Omitting the pictures, print every line below exactly as it stands.

* * * *

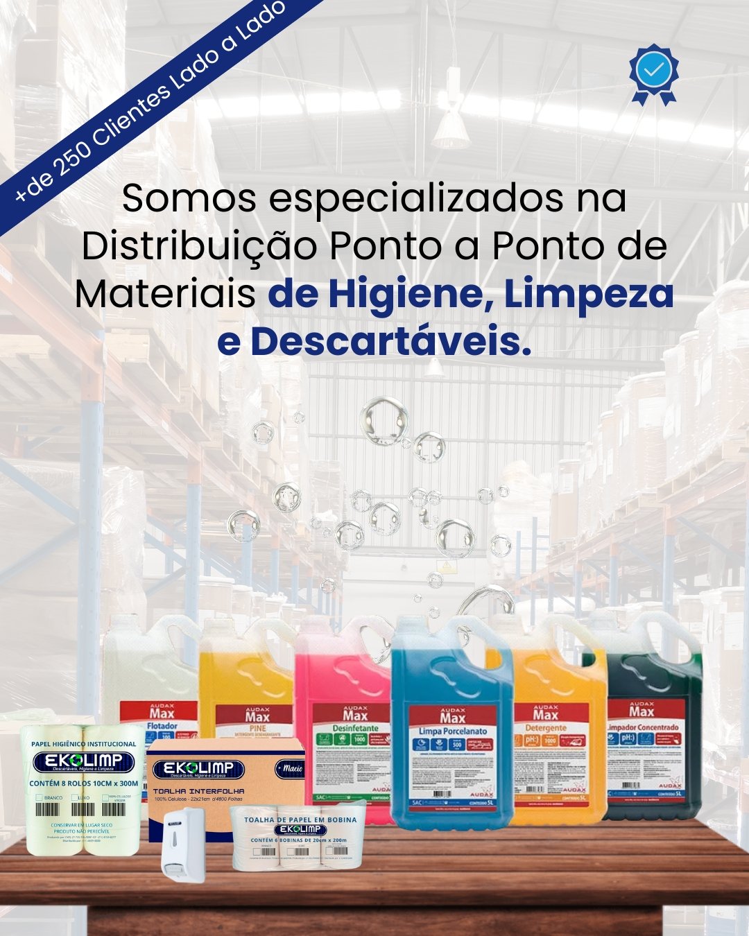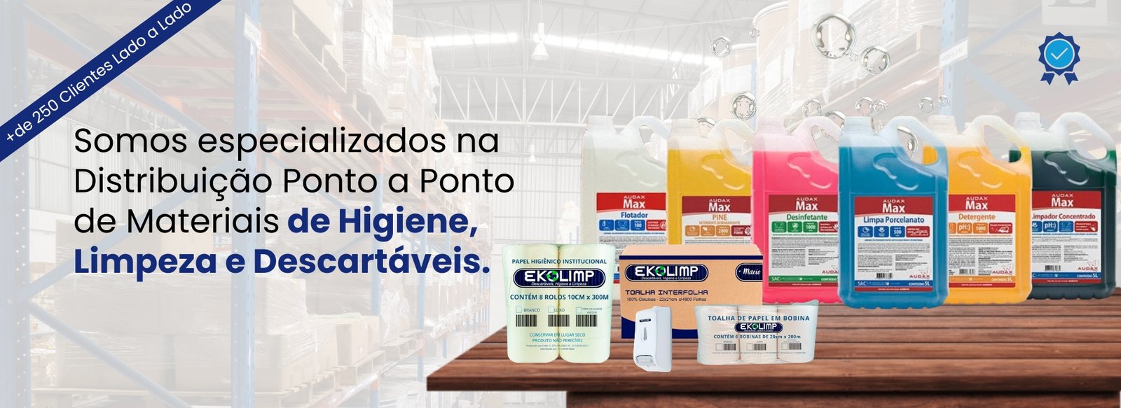 Com mais de 12 anos de experiência, a Ekolimp Descartáveis Ltda é referência na distribuição de materiais de limpeza, higiene e descartáveis. Atendemos com excelência empresas privadas de diversos segmentos e órgãos públicos, focados em simplificar e otimizar o fornecimento de suprimentos essenciais.
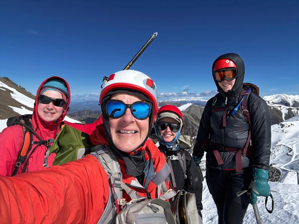 - Walk 100 m and put crampons on. Slowly make our way up a steep slope and along a ridge as the wind picks up.
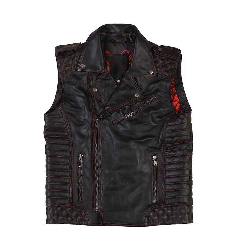 Men's Stylish Lambskin Leather Vest - Fully Quilted with Red Stitching
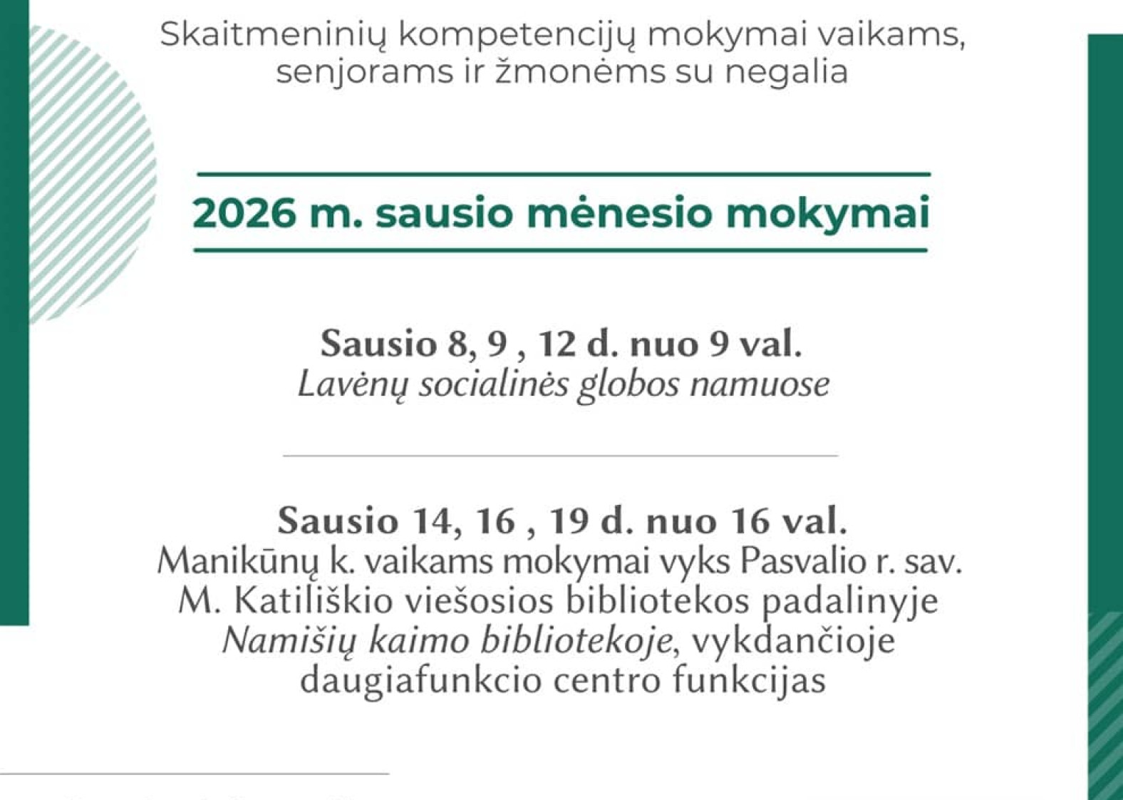 Mokymus sudaro trijų susitikimų po 3 val. ciklas su sensorinės terapijos pertraukomis, pagal parengtas mokymų programas. Sausį mokymai organizuojami bendradarbiaujant su įvairiomis įstaigomis, bendruomenėmis. Vasario mėnesį šios veiklos jau vyks naujame Pasvalio M. Katiliškio viešosios bibliotekos Bibliobuse, kuris gyventojus lankys pagal numatytą grafiką. Gyvenvietės, kurias lankys naujasis bibliobusas: Stačkūnai, Porijai, Kraštai, Dagilynė, Ličiūnai, Mediniai, Vainekoniai, Kalneliškis, Noriai, Titkoniai, Payslikis, Lavėnai, Talkoniai, Talačkoniai, Pervalkai, Šimoniai, Puodžiai, Manikūnai, Puškoniai, Kurpalaukis.
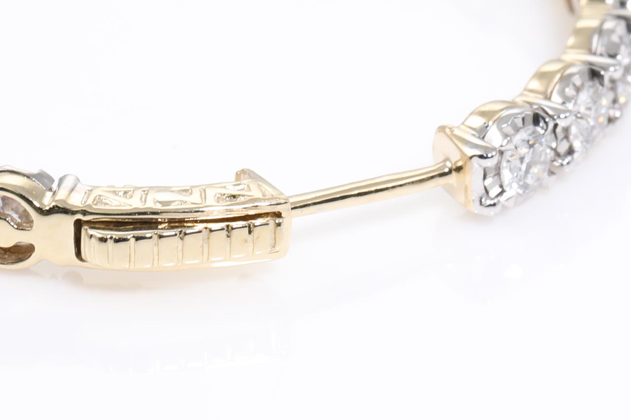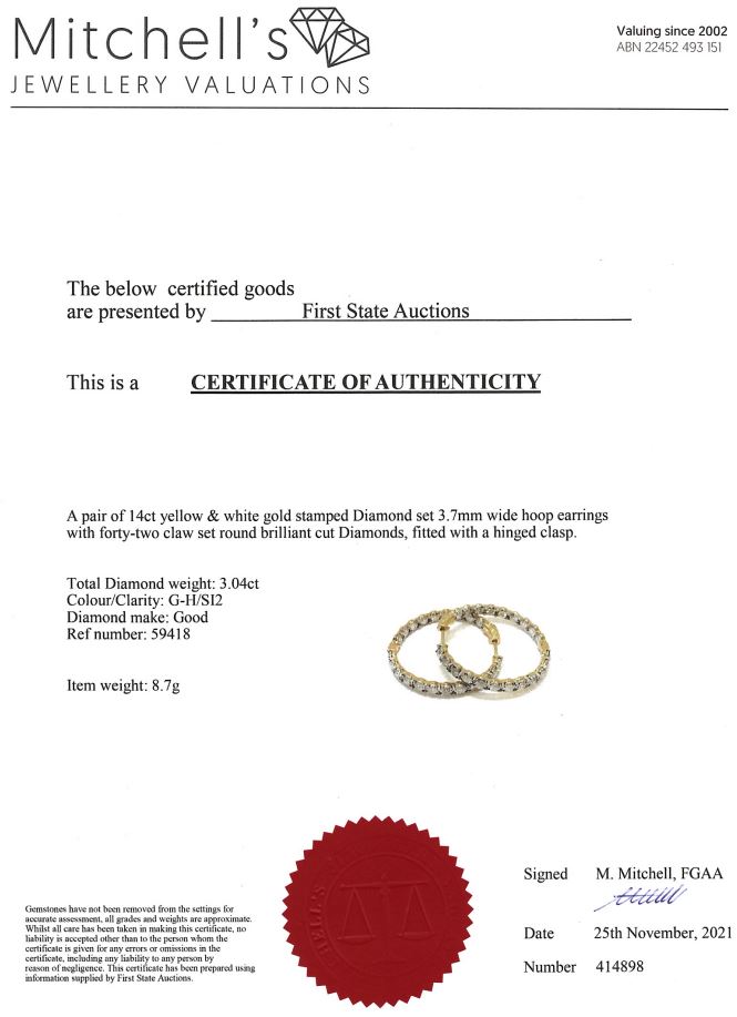 Diamond hoop earrings with round Diamonds totalling 3.04cts (Estimated grading: G-H SI2). 14ct yellow and white gold. Weight: 8.7g. With certificate #414898. (New)
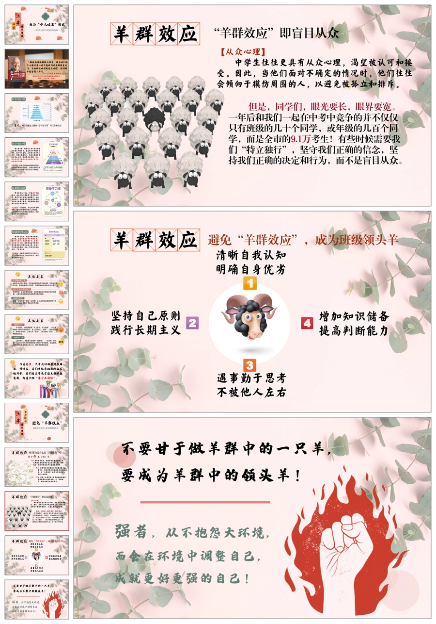 【5437】《拒绝羊群效应》尖子生会议强者不抱怨环境ppt课件+教案
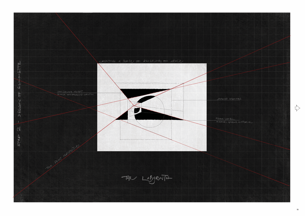 透過對巴洛克舞台設計師朱塞佩・加利・比比納(Giuseppe Galli Bibiena)舞台設計的研究,本論文發展出一套透視法的方法論。透過解析比比納的透視圖,並以經典作品《歌劇魅影》作為實驗對象,反向運用所建立的方法來進行空間設計。每張圖像由開口與表面輪廓的剪影構成,並依序拼貼,形成引導性的敘事路徑,構建出連續而沉浸的表演環境,重新定義了觀眾參與劇場的經驗。

* * * *

■ EXERCISE RESULT ■
 Com mais de 12 anos de experiência, a Ekolimp Descartáveis Ltda é referência na distribuição de materiais de limpeza, higiene e descartáveis. Atendemos com excelência empresas privadas de diversos segmentos e órgãos públicos, focados em simplificar e otimizar o fornecimento de suprimentos essenciais.
 - Walk 100 m and put crampons on. Slowly make our way up a steep slope and along a ridge as the wind picks up.
 Men's Stylish Lambskin Leather Vest - Fully Quilted with Red Stitching
 Mokymus sudaro trijų susitikimų po 3 val. ciklas su sensorinės terapijos pertraukomis, pagal parengtas mokymų programas. Sausį mokymai organizuojami bendradarbiaujant su įvairiomis įstaigomis, bendruomenėmis. Vasario mėnesį šios veiklos jau vyks naujame Pasvalio M. Katiliškio viešosios bibliotekos Bibliobuse, kuris gyventojus lankys pagal numatytą grafiką. Gyvenvietės, kurias lankys naujasis bibliobusas: Stačkūnai, Porijai, Kraštai, Dagilynė, Ličiūnai, Mediniai, Vainekoniai, Kalneliškis, Noriai, Titkoniai, Payslikis, Lavėnai, Talkoniai, Talačkoniai, Pervalkai, Šimoniai, Puodžiai, Manikūnai, Puškoniai, Kurpalaukis.
 Diamond hoop earrings with round Diamonds totalling 3.04cts (Estimated grading: G-H SI2). 14ct yellow and white gold. Weight: 8.7g. With certificate #414898. (New)
 【5437】《拒绝羊群效应》尖子生会议强者不抱怨环境ppt课件+教案
 透過對巴洛克舞台設計師朱塞佩・加利・比比納(Giuseppe Galli Bibiena)舞台設計的研究,本論文發展出一套透視法的方法論。透過解析比比納的透視圖,並以經典作品《歌劇魅影》作為實驗對象,反向運用所建立的方法來進行空間設計。每張圖像由開口與表面輪廓的剪影構成,並依序拼貼,形成引導性的敘事路徑,構建出連續而沉浸的表演環境,重新定義了觀眾參與劇場的經驗。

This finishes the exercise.